Mr. Burnham cocked his head to one side, his blue eyes bright with interest.

“Sublime,” he answered. “In a word—sublime! Finest architect this century.” He did not ask why Monk wished to know, but he did not take his gaze from Monk’s face.

“Where did he study?” Monk frowned.

“No idea,” Mr. Burnham said instantly. “No one does. At least, no one I have met. Appeared in London about five years ago from God knows where. Can’t place his accent. Tried to. Don’t think it matters. Man is a genius. He can be a law unto himself. Although don’t mistake me,” he added earnestly. “He’s a very pleasant fellow, no airs or graces, no filthy temper, doesn’t keep a mistress or practice any excesses, so far as I know.” Still he did not ask why Monk was enquiring.

“Could he have studied abroad?” Monk asked.

Florence leaped up into Mr. Burnham’s lap, turned around several times and then settled.

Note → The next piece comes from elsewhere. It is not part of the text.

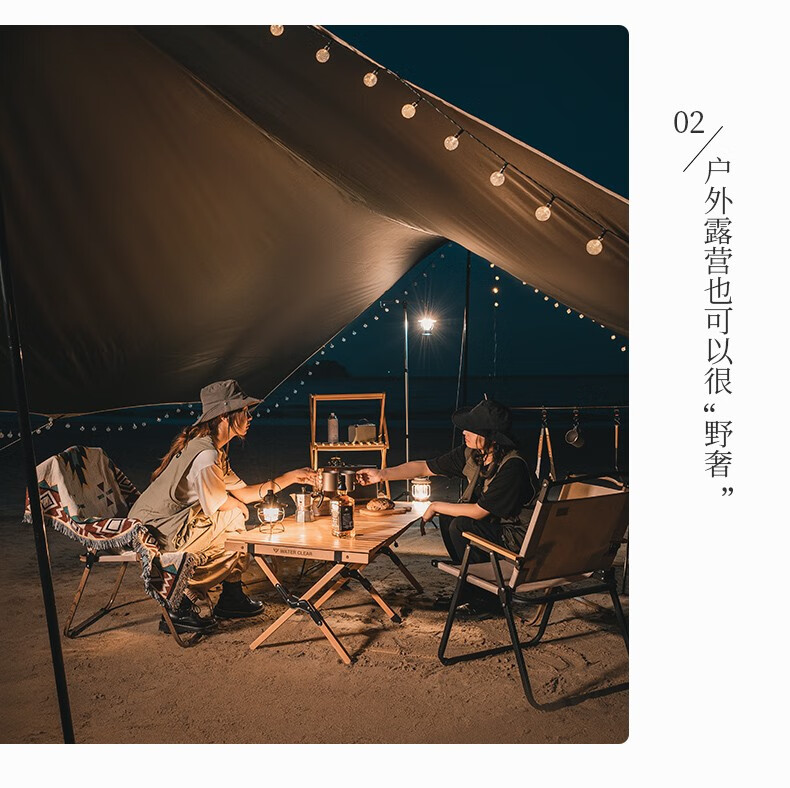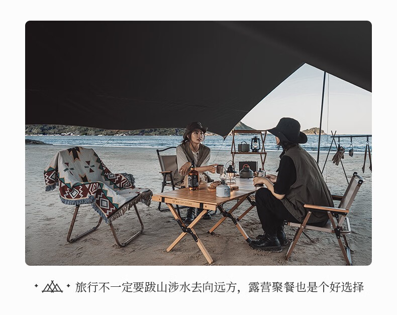 清系便携式露营桌子野餐可折叠克米特椅野营用品装备户外折叠桌蛋卷桌 桃木色中号60款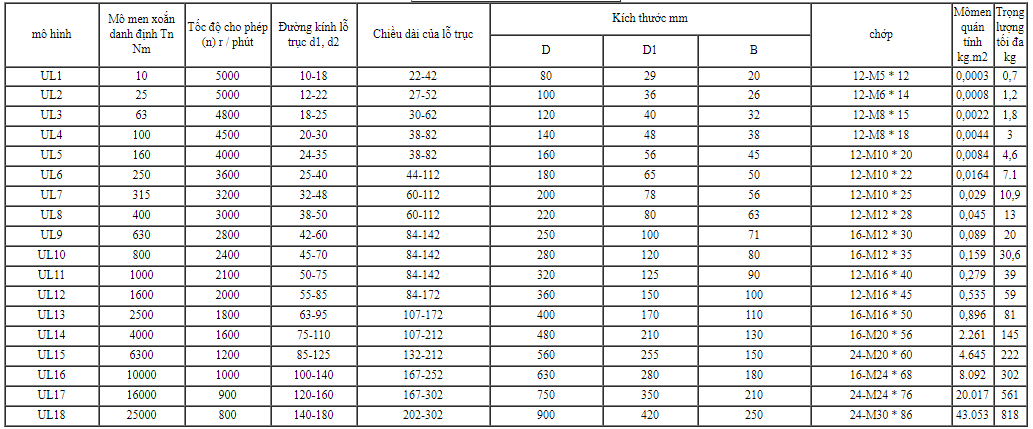 Khớp nối lốp loại UL là khớp nối đàn hồi với hiệu suất cao vì phần tử đàn hồi giống như toàn bộ thân lốp nên khớp nối lốp có khả năng giảm chấn tốt và hiệu suất bù trục.

“Of course he could!” Mr. Burnham answered. “Probably did, in fact. He is far too original to have gathered all his inspirations here. But if you doubt his technical ability, you have no need. I know Barton Lambert quite well enough to stake all I possess on his having assured himself, beyond even the slightest question, that all Melville’s drawings are structurally perfect before he would put forward a halfpenny to have them built.” He stroked Florence absentmindedly. “You may rely absolutely upon that as you would upon the Bank of England!
Stand as long as the Tower of London, I assure you.” There was absolute conviction in his face, and he smiled as he spoke.

The door opened and a stout and very agreeable woman came in. Mr. Burnham introduced her as Mrs. Shipton, his housekeeper, and requested that supper be served for two. She seemed pleased to have a guest and disappeared briskly about her business.

“A man whose word you would trust?” Monk asked. “And his judgment?”

“Absolutely!” Mr. Burnham answered instantly. “Ask anyone.”

Monk smiled. “I am not sure ‘anyone’ will tell me the truth, or even that they know it.”

“Ah!” Mr. Burnham smiled and settled a little farther down in his chair. Florence was purring loudly. “You’re a skeptic. Of course you are. It’s your job. Silly of me to have forgotten it.”

Monk found himself recalling how much he had liked Mr. Burnham in their previous acquaintance. He had been almost sorry when the case was concluded. It was not a feeling he indulged in often. All too frequently he saw pettiness, spite, a mind too willing to leap to prejudiced assumptions, instances where unnecessary cruelty or greed had opened the way for acts of impulse which were beyond the borders of selfishness and into the area of actual crime. Sometimes there was a justice to be served, too often simply a law. The case here had been one of the happy exceptions.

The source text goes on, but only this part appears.